The Piecemeal Privatization of Web Infrastructure
Ever since the World Wide Web went wide in 1994, film studios, music labels and publishers have tried to neuter this unparalleled communications commons. Much of the Web’s power stems from its open technical protocols known as hypertext markup language, or HTML, which are used to build webpages. HTML has always put users, not "content-makers," in control of content, and as a result, people could (for example) copy and save the “source code” for a webpage. Bottom-up innovation could emerge and prevail.

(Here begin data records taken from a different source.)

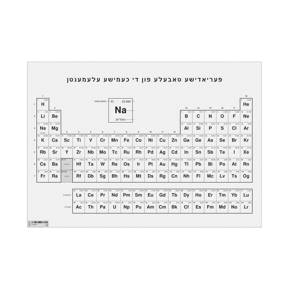 A periodic table chart in Yiddish (פעריאדישע טאבעלע פון די כעמישע עלעמענטן) in the 33.1 x 23.4 in (84.1 x 59.4 cm, poster / wall chart) format. 18-column layout featuring the atomic numbers, atomic weights, symbols, and names of all chemical elements.
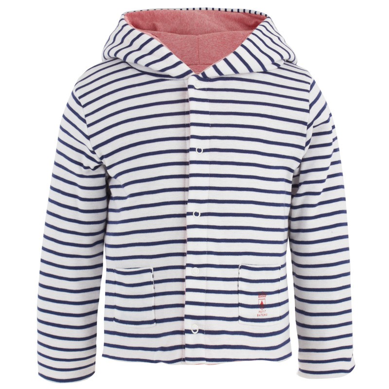 The perfect cover up for your little boy this season comes in the shape of this reversible jacket from Petit Bateau. This nautical inspired piece boasts navy and white stripes on one side, with thin red and white stripes on the other. Crafted from the finest cotton, this hooded piece also features two small pockets and popper fastenings.
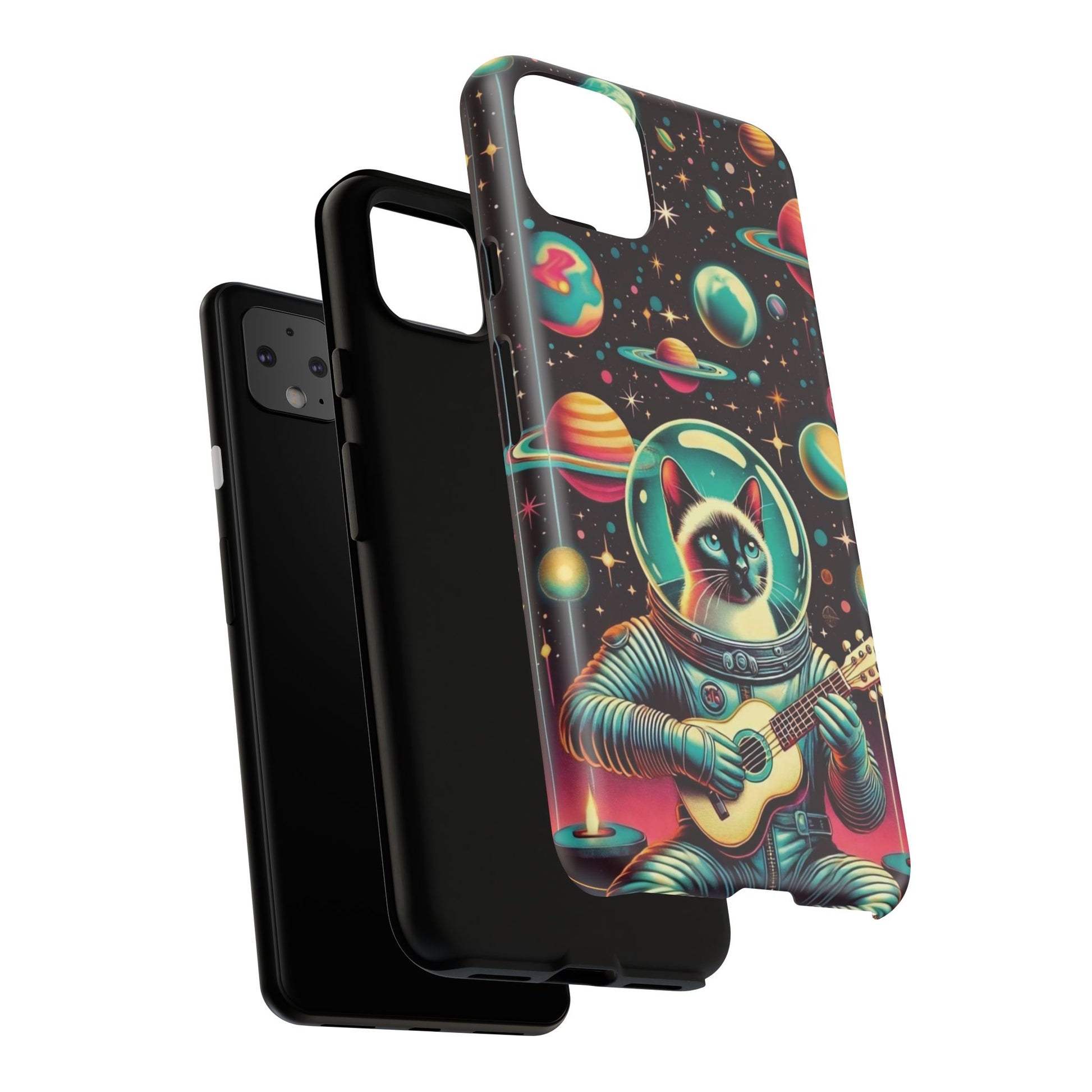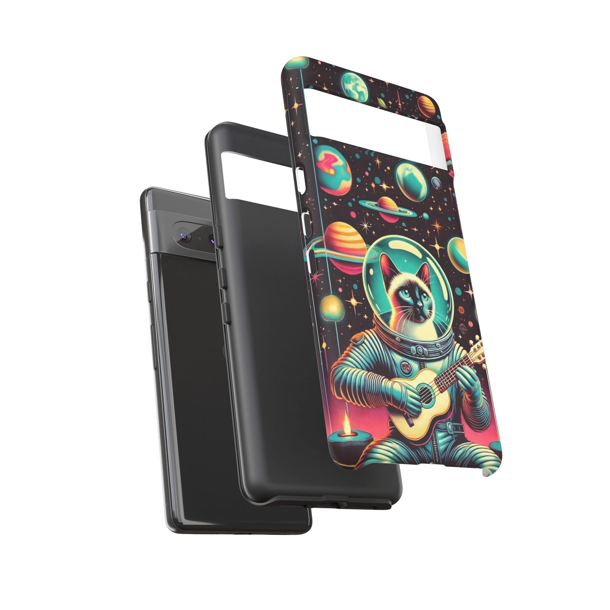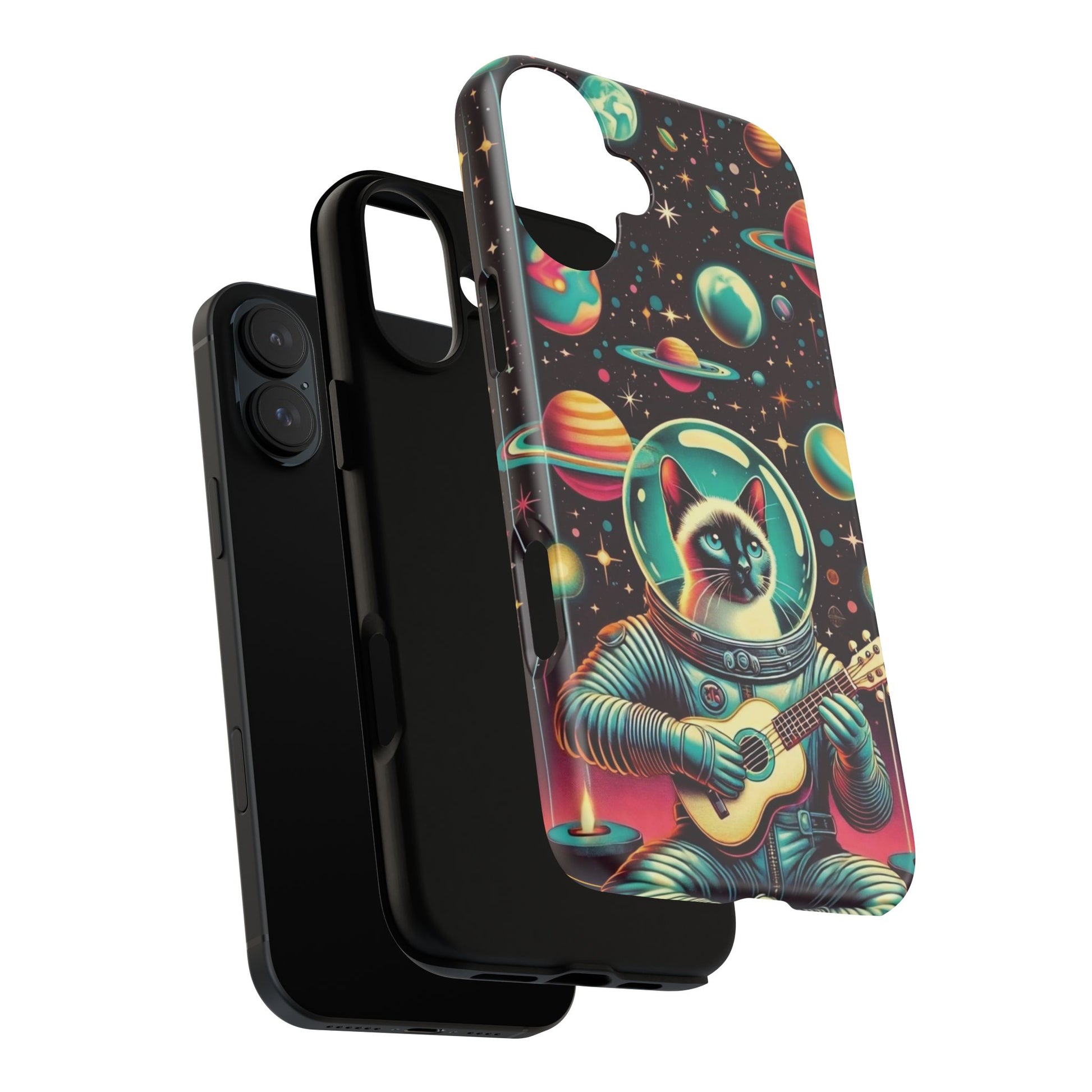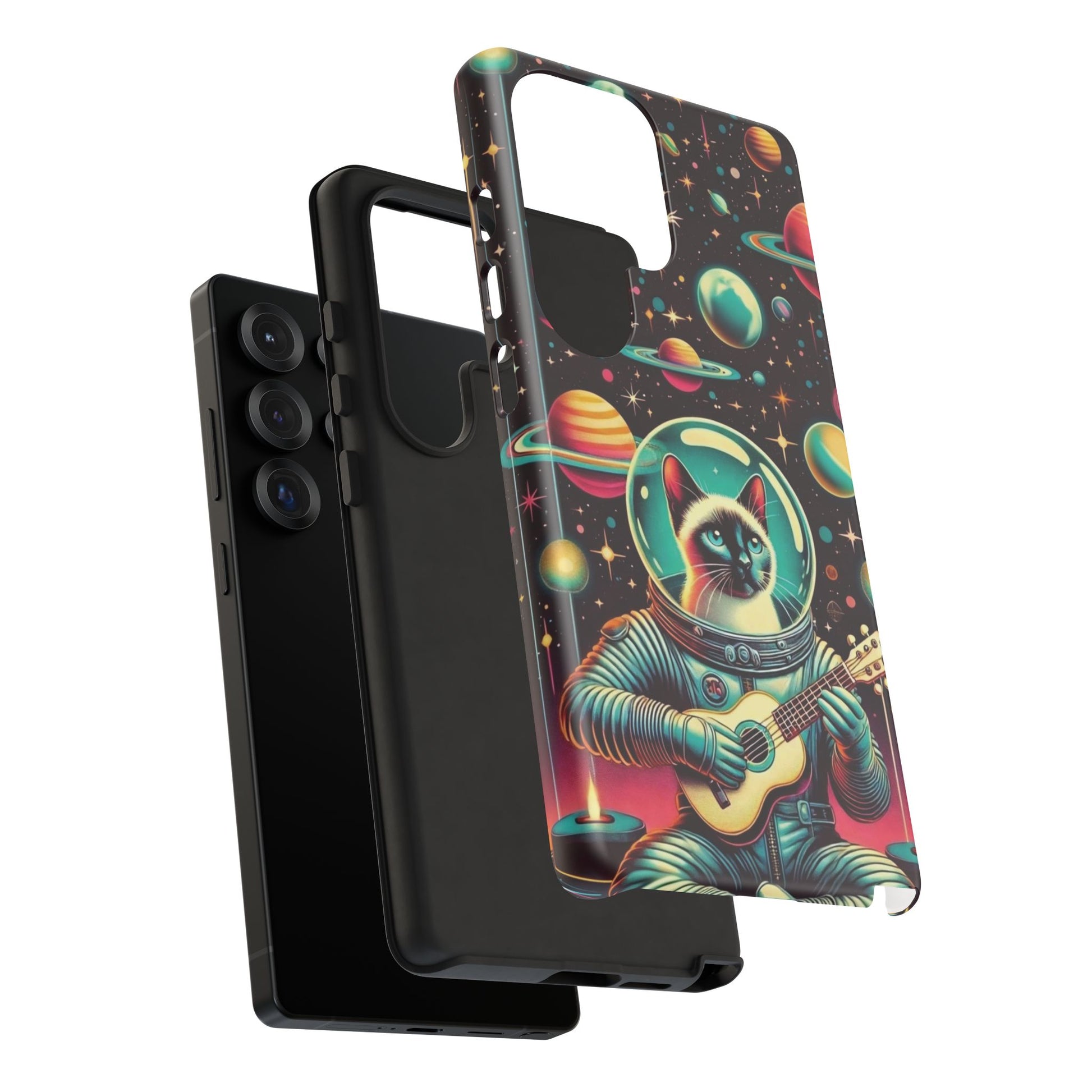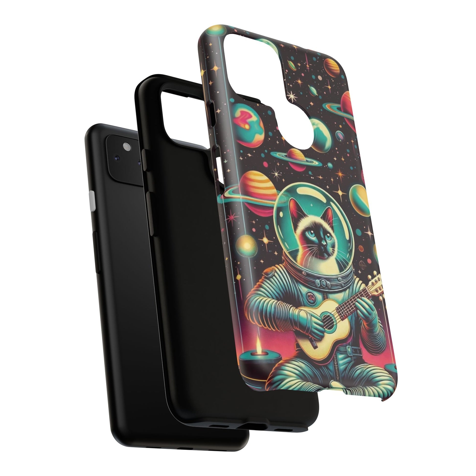 This Astrocat Guitar Phone Case features a unique design that combines cats and guitars, sure to appeal to music-loving cat enthusiasts. Made with durable materials and impact-resistant construction, this phone case provides excellent protection against drops and tears. Perfect for adults looking to show off their quirky style while keeping their phone safe and secure. Ideal for gift-giving during birthdays, holidays, or any special occasion.

The truly dismaying news is that the official steward of technical standards for the Web – the World Wide Web Consortium, or W3C – plans to adopt a new set of standards, HTML5, that will let content owners add digital rights management, or DRM, to their web content. As Cory Doctorow writes on BoingBoing, “the decision to go forward with the project of standardizing DRM for the Web came from Tim Berners-Lee himself [who invented the Web in the early 1990s], who seems to have bought into the lie that Hollywood will abandon the Web and move somewhere else (AOL?) if they don’t get to redesign the open Internet to suit their latest profit-maximization scheme.”
What makes the new HTML5 standards so alarming is that it kicks open the door for still other new forms of proprietary control over Web-based video, images, fonts and more. Danny O'Brien, International Director at the Electronic Frontier Foundation, has a good account of the struggles to prevent this outcome at the W3C, which could lead to the piecemeal privatization of the Web infrastructure.